# Kennedy's Journal



## Kennedy (Jun 17, 2019)

7/13/19 - Put down some Oceangro at bag rate. Mowed at 4" HOC.


----------



## pennstater2005 (Jul 17, 2017)

@Kennedy Lawn looks great! There is a New Jersey discussion that might interest you if you haven't already found it.


----------



## Kennedy (Jun 17, 2019)

@pennstater2005 thanks! Yes, I've been lurking and keeping tabs on the New Jersey thread. Very helpful for timing and other local info.


----------



## Kennedy (Jun 17, 2019)

8/6 mowed lawn at 4" HOC. Mulched. Double cut because I was away for two weeks.

8/8 spot treated weeds and crabgrass with Bayer weed and crabgrass killer.

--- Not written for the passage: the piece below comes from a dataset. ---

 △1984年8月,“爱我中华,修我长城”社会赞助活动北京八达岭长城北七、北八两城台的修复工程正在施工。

Heavy oxalis on right side lawn. 
Sprayed glyphosate in garden beds where weeds thistle and crabgrass were present.


----------



## Kennedy (Jun 17, 2019)

8/27 ocean gro at bag rate 
Mowed at 4" - mowed side/back at 3.5" (what a mess that made).


----------



## Powhatan (Dec 15, 2017)

Looking very nice :thumbup:


----------



## Kennedy (Jun 17, 2019)

10/7 Applied Sta-green winterizer
43lb 32-0-10 covers 15k 
Used the whole bag over entire lawn (10k). Semi-intentional :roll: . Was worried about burning with that much nitrogen all at once (luckily some is coated). 
Watered 1.5 hours immediately after application 15minutes per zone.

Lawn greened up nicely.

I have a serious Kyllinga (green or maybe false-green) problem that I will have to deal with in the spring.


----------



## Guest (Oct 15, 2019)

beautiful lawn.

what kind of edger are you using? that is a tight edge.

also, its that irrigated or just getting watered as nature provides?


----------



## Kennedy (Jun 17, 2019)

@macdawg

Thanks. 
I have the RYOBI Expand-It system, so I use the 8inch edger attachment for that. Snaps right on to the powerhead when you take the string trimmer attachment off. It works surprisingly well.

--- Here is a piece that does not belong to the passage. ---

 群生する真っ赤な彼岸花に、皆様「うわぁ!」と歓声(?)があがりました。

I do have an irrigation system, but its pretty crappy. I think the previous homeowner installed it himself. The coverage is not head to head, it's barely stream to stream, and one whole side of the house is unirrigated. I think he couldn't figure out how to go around or under the driveway. It beats lugging around hoses (though I still have to do that for one side :lol: ) but redo-ing the whole system is on my list for outdoor projects.


----------



## Guest (Oct 16, 2019)

Nice.

I like Ryobi stuff. I have the Ryobi 18V Drill, weedeater and leaf blower. The leaf blower is pretty dang weak but I love the 18V drill and weedeater. I run out of battery on the 18V a few times a year while trimming about 10k but luckily I have two 18V batteries and chargers so I always have a backup.

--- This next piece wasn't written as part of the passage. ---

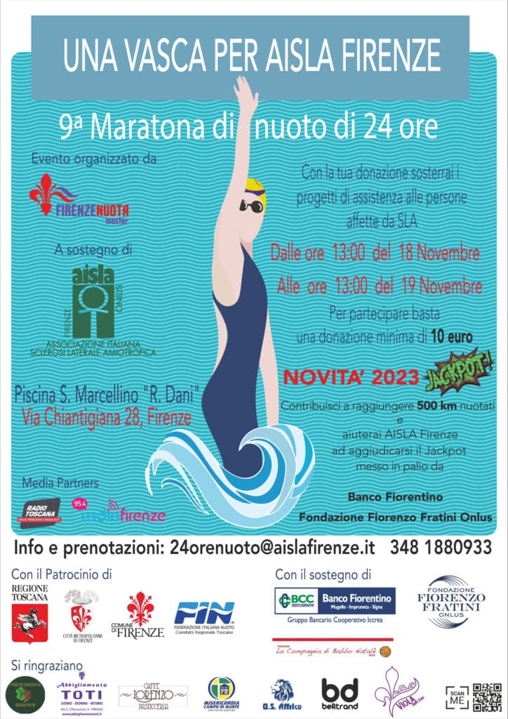 Torna la maratona di nuoto di ventiquattro ore per le persone con Sla: è la nona edizione che si svolgerà all’impianto dell’U.S. Africo San Marcellino. Un traguardo importante per Aisla Firenze che ha mantenuto e rinnovato questo appuntamento, superando anche la prova del Covid. Per il secondo anno consecutivo anche Aisla Prato organizza una maratona di nuoto in contemporanea. Per quest’anno, grazie al Banco Fiorentino e alla Fondazione Fratini, tra major donors dell’iniziativa, è stato istituito un “jackpot” da 3000 euro ma solo a una condizione: superare il record dei 500 km nuotati (20.000 vasche).

You plan on going more into tall fescue overseeds in the future?


----------



## Kennedy (Jun 17, 2019)

@macdawg 
I considered over-seeding with Regenerate tall fescue this year. I decided to address one of our garden beds with a dead tree and some overgrown bushes instead. You can kind of see the difference in the pictures, it's the far bed. 
I had about 100 sqft of bare ground from the overgrown bushes, so I renovated with Mazama KBG (thanks to @NJ-lawn for the seed). I'm going to use this as a testbed for whether 100% kbg will work for me and make a decision hopefully by next fall. I'd like the lawn to be darker, and the mix of growth rates in the current lawn bugs me. I only have the ability to mow once a week, so I'd like the growth to be consistent during that period. 
I'll get some pics of the Mazama up shortly.


----------



## NJ-lawn (Jun 25, 2018)

Wow your lawn looks awesome......it was good meeting you. Good luck with the Mazama


----------



## Kennedy (Jun 17, 2019)

Small Mazama area after round up, then seeding. Will be interesting to see how this performs. Currently it's about the same color as my mixed lawn.


----------



## Kennedy (Jun 17, 2019)

3/23- First mow at 2" and bagged
applied Dimension 0-0-7 pre emergent

4/4 spot treated weeds w/ ortho RTS

Would love to put down some nitrogen soon but my Ocean gro supplier is closed for the foreseeable future. Might buy some milo or lesco from HD. I have some urea but I don't want to push too much growth mid spring.


----------



## Kennedy (Jun 17, 2019)

Got a mow in today right before the rain 😀


----------